The healthcare field has an unfortunate habit of characterizing volumes according to fruit size. Obstetrics in particular is guilty of this. There are tons of websites where you can go to find out how big your fetus is, based on gestational age: poppy seed, cherry, kumquat (like anyone knows how big a kumquat is!), etc. on up to watermelon.
posted by vytae at 2:33 PM on November 19, 2012


the acre-foot!
posted by the man of twists and turns at 2:42 PM on November 19, 2012


"(like anyone knows how big a kumquat is!)"

I do. Doesn't everybody eat them for their delicious tart taste? According to The Register's online conversion guide, a kumquat is about 0.2 linguine.

(Explanatory video here)
posted by Pinback at 2:44 PM on November 19, 2012


One possibility is using apples to measure height/length -- the canonical example being that Smurfs are three apples high.
posted by jacquilynne at 2:50 PM on November 19, 2012


Not sure if this counts under what you're looking for, but the length from your wrist to the crook of your elbow is almost always the length of your foot.
posted by jorlyfish at 4:12 PM on November 19, 2012


"a pint's a pound, the world around."

Not in the UK! More like a pound and a quarter, or 568 grams.
posted by knapah at 5:50 PM on November 19, 2012


a dollar bill (listed above as being 6 inches) is actually 6.14" so it is best used for estimating length rather than precisely measuring it.
posted by QuakerMel at 5:57 PM on November 19, 2012


Klein Bottles have zero volume. Of course, *zero* volume isn't that helpful of a measurement...
posted by sarah_pdx at 6:20 PM on November 19, 2012


Take a letter size piece of paper (8 1/2x11), portrait orientation. Fold one of the upper corners down so it meets the opposite long side, forming a right triangle with 45 degree angles. The diagonal of the side you created is 12 1/4" long - certainly close enough to estimate a foot.
posted by neilbert at 7:04 PM on November 19, 2012


rmd1023 writes "
Water can be measured by weight - "a pint's a pound, the world around."
"

As a kid I'd hear this on American TV and be completely confused because my pints weren't a pound; A Canadian/UK Pint being larger than a US pint. A Canadian gallon of water is 10 pounds vs the US 8 which always seemed more rational (if such a term can apply to any such wacky system of measures).
posted by Mitheral at 7:27 PM on November 19, 2012


US nickel (5 cents) = 5 grams
posted by narcotizingdysfunction at 6:15 AM on November 20, 2012 [2 favorites]

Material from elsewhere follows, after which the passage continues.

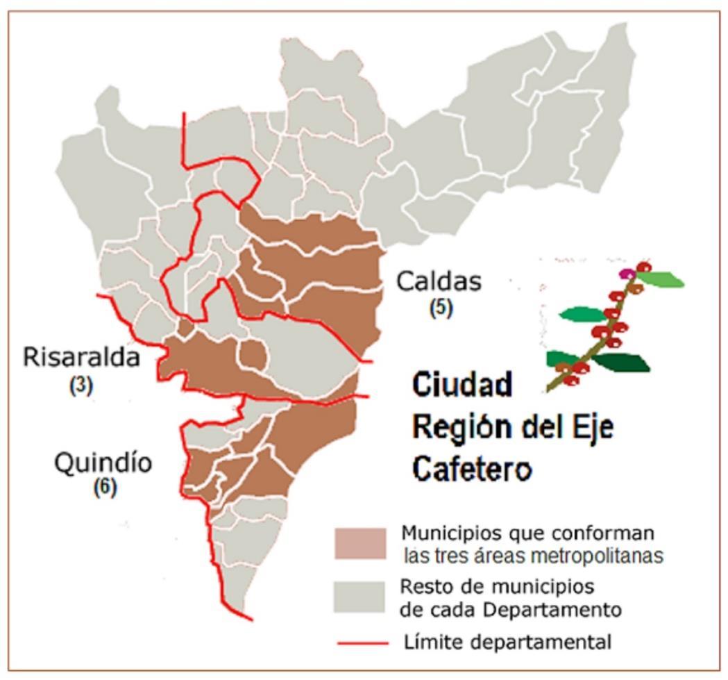 Ciudad Región del Eje Cafetero, con las potenciales áreas metropolitanas de Caldas, Risaralda y Quindío en Mapa de Wikipedia adaptado.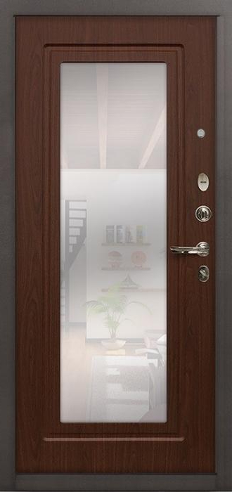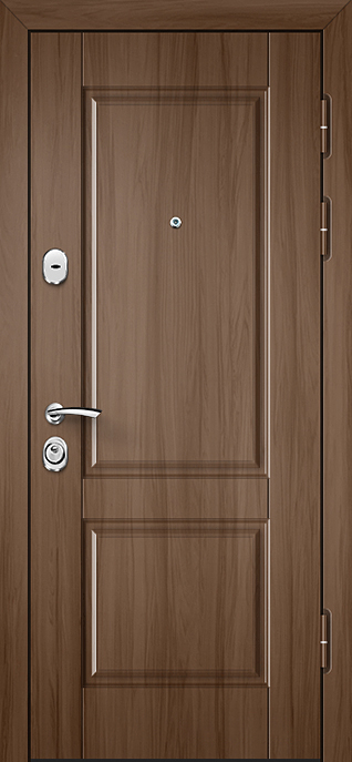 Входная дверь с зеркальными вставками №56 сочетает надежность металлической конструкции и удобство функционального декора. Зеркало не только украшает интерьер, но и делает помещение визуально просторнее, что особенно ценно для квартир и офисов. Для частного дома такая дверь добавляет практичности — всегда можно взглянуть на отражение, выходя на улицу. Отделка выполнена из панелей МДФ с ПВХ-покрытием, устойчивым к царапинам и мелким повреждениям, что обеспечивает долговечность и сохранение первоначального вида. Каркас собран из профильной трубы, усилен рёбрами жёсткости и металлическим листом толщиной 2 мм, благодаря чему дверь выдерживает серьёзные нагрузки и обеспечивает защиту от взлома. Два контура уплотнения препятствуют проникновению сквозняков и пыли, а резиновый уплотнитель сохраняет плотное прилегание полотна. Замковая система включает надежные российские механизмы Просам и Мосрентген, которые отличаются стабильной работой и высоким ресурсом. Дверь №56 — это прочность, удобство и современный дизайн в одной конструкции. Входная дверь с зеркальными вставками №56 от производителя: быстрое изготовление и монтаж в Ивантеевке, индивидуальные размеры, широкий выбор материалов и фурнитуры, официальная гарантия до 10 лет.

Maybe Weirdconverter.com will amuse you for a while.

1 bathtub = .14 cubic meters = 34 human stomachs
posted by booth at 10:05 AM on November 20, 2012 [2 favorites]


Response by poster: There are a lot of great examples for me to think about here so it's hard to pick a single best answer. Collectively you shook this up for me in some unexpected ways — awesome. Thanks everyone!
posted by safetyfork at 6:42 AM on November 21, 2012


My understanding of "a pint's a pound" was that it was 16 ounces in each, though it was fluid ounces for pint and avoirdupois ounces for pound.